(At a regional public university)
This is from a “teacher evalaution” (of me) by a tenured professor who regularly taught statistics.
First, here is a little background about the class. (Math now, then I will try to explain non-mathematically.) I was talking to the class about the sample mean. The previous day, I had showed them that the sample mean of iid normally distributed variables is normal with the same mean and the smple mean’s sigma equal to sigma/sqrt(n). (A trivial computation) The tenured observer wrote that he thought I was talking about,
“…the Central Limit Theorem: that is, the sample mean’s are normally distributed with the same mean and with the samples mean’s sigma equal to sigma/sqrt(n)…”
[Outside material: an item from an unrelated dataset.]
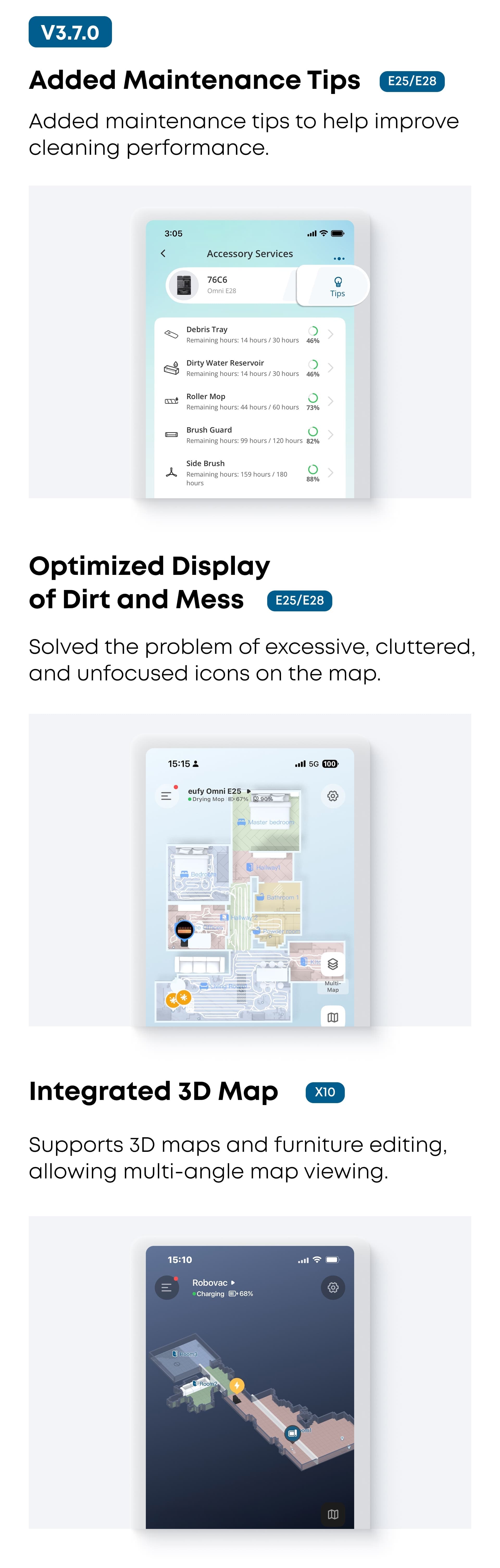 Could you let us know which eufy robotvacuum model you’re using? Also, please share your current Clean App version (you can find it by opening the side menu in the app and scrolling down to ‘About eufy Clean’ at the very bottom).
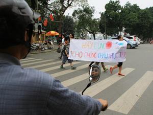 Một số hình ảnh các em học sinh xuống đường cổ động an toàn giao thông:

For a simple explanation of the Central Limit Theorem, see “Applications and Examples” in the wikipedia article .
After that, try this, to convince yourself that the CLT makes sense.
Imagine an experiment where all the results are numbers between 0 and 1, and are equally likely (uniformly distributed). Now, imagine doing the experiment twice in a row and taking the average. The average is between 0 and 1 again, but are all the numbers now equally likely? To really see what numbers are most likely for the averages, do the experiment a hundred times and plot the averages. Are all the numbers between 0 and 1 now equally likely? Do you think that the probability of getting an average of zer0 is the same as getting an average of .5? (To simplify, further, suppose 0, .5, and 1 are the only possiblities, and they are equally likely. In repeating the experiment a 100 times, how many ways are there of getting an average of 0 or 1, or even very close? of something close to .5?)
If you graph the likelihood of the numbers for any n, you will see that as n gets bigger, the curve will look more and more like a bell curve (but never exactly), as n gets bigger. That, in a nutshell, is the idea of the Central Limit Theorem. What is critical here? That the initial probabilities do not have to be normal and that the sample means approach annormal. That is a powerful result that is extremely useful in probability and statistics. Compare that with what the professor above thought the Central Limit Theorem was – and ask yourself if you think his students are going to have a handicap if they ever teach high school statistics? and more.